# A toddler learning Chinese



## jimanoots (Jul 27, 2009)

Hello,
I'm happy to have just stumbled onto this informative web site on Malaysia. I have a wife and one son; my son is 3. I will be retiring in about two years. I'm from the U.S. and my wife is from the Republic of Panama. I'm moving my family to Malaysia upon my retirement. We don't yet know where we will live and that's the main purpose of this thread along with any related information one wishes to share.

We have never been to Malaysia although I have traveled all over the world having lived in 8 different countries. We would like our son to learn Mandarin - for us that means he be enrolled in a Mandarin-speaking school in a country or locale that speaks predominantly Mandarin. We looked into the obvious choice, China, however, if for some reason my wife or I cannot find work then we can reside in China only a few months.

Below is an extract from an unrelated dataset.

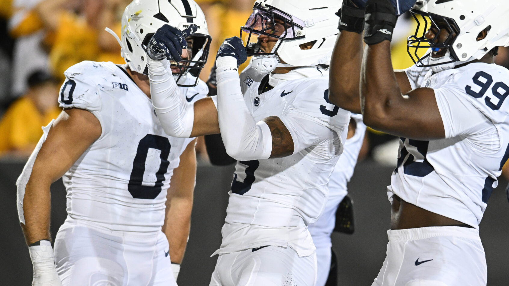 Oct 18, 2025; Iowa City, Iowa, USA; Penn State Nittany Lions cornerback Elliot Washington II (9) reacts with defensive end Yvan Kemajou (99) and linebacker Dominic Deluca (0) after returning a blocked field goal attempt by Iowa Hawkeyes kicker Drew Stevens (not pictured) 35 yards for a touchdown on the final play of the second quarter at Kinnick Stadium. Mandatory Credit: Jeffrey Becker-Imagn Images

I understand in Malaysia there are fewer restrictions. Singapore was our next choice however, my retirement income of about $4,000.00U.S. per month isn't enough to be comfortable there unless we wish to live in conditions unacceptable to us. If either my wife or me has to work in order to remain in Malaysia then that's fine. 

What are the best Chinese-speaking areas in Malaysia? When I say "best" I mean in terms of the schools, crime rate, and overall quality of life in your opinion. Also, if anyone has experience with their child in a Malaysian Mandarin-speaking school we appreciate any information. I realize a lot can change in two years but we wanted to start early and put our feelers out.

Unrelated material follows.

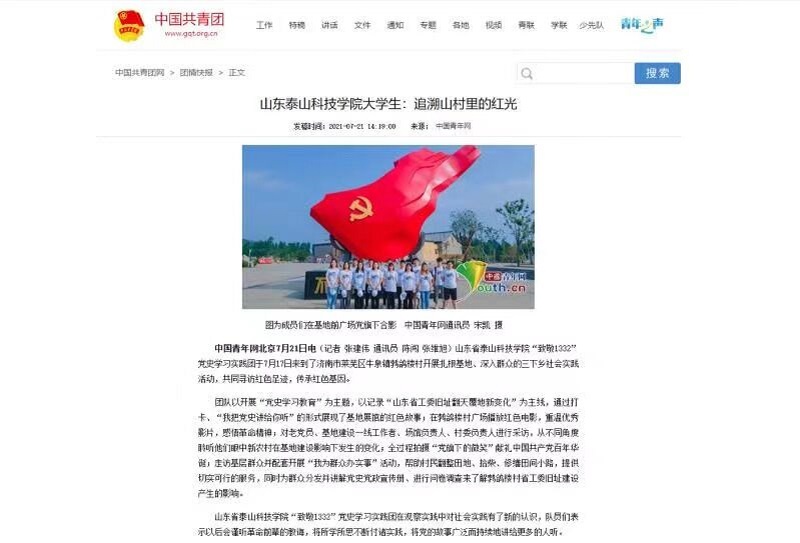 7月21日,共青团中央官网以《山东泰山科技学院大学生致敬1332:追溯山村里的红光》为题,关注报道我校2021年暑期“三下乡”社会实践团队——致敬“1332”党史学习实践团在实践活动中的突出表现,这也是我校团学工作首次被团中央关注报道。此外,中国青年网等主流媒体分别以《致敬1332:探访乡村变化,倾听民众心声》《致敬1332:村庄换新颜,村民展笑颜》为题陆续报道了我校暑期“三下乡”社会实践活动。

My wife was a university professor of computer science/engineering for 14 years in Panama. Her English is not the best but she would like to teach computer science if anyone knows about this. She would also be open to teaching Spanish. My wife and I both speak English and Spanish but my Spanish is better than my wife's English. My wife is 1/4 Chinese but has no relatives/family in Asia. 

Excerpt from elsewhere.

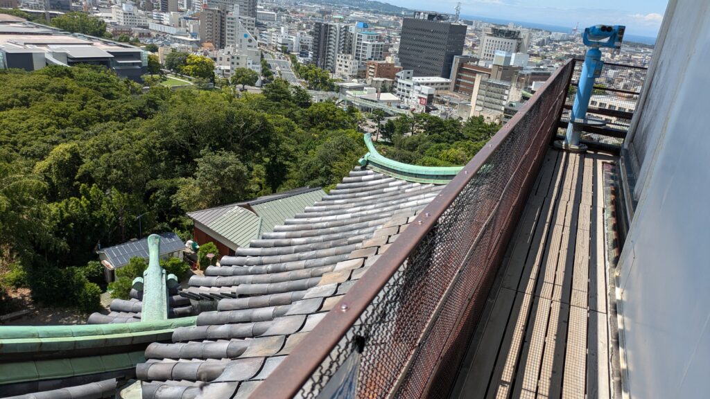 そのうちいつかは伏見桃山城のように大地震の際の危険性で入館できず、遠目に天守だけを眺めるだけの日々が訪れるのかもしれないと思いつつ、天守と天守曲輪櫓群を一周して、天守欄干から城下の景観を楽しみました。

I'm assuming that the best Mandarin-speaking schools are in KL but I wouldn't know. I guess the perfect compromise for us would be a city of a couple hundred thousand or more with good schools/ infrastructure, and good housing for the price. Appreciate any info. Thanks, Sincerely, Vince/Sheyla


----------



## happyvalley80 (Sep 27, 2009)

Hi:

Im a malaysian chinese, we hav 2 type of primary school system, 1st is Internatiol school (Expatriate' children) and 2nd is Public school (Malays teaching, Chinese teaching and English teaching, Malays and English is compulsory subject in all public primary school)

But im not sure can ur boy enrol in Public Chinese Primary school, because he is not Malaysian, but i think u can sent him to the private chinese nursery or kindergarden, or even hire a private tutor to teach him mandarin at home.


----------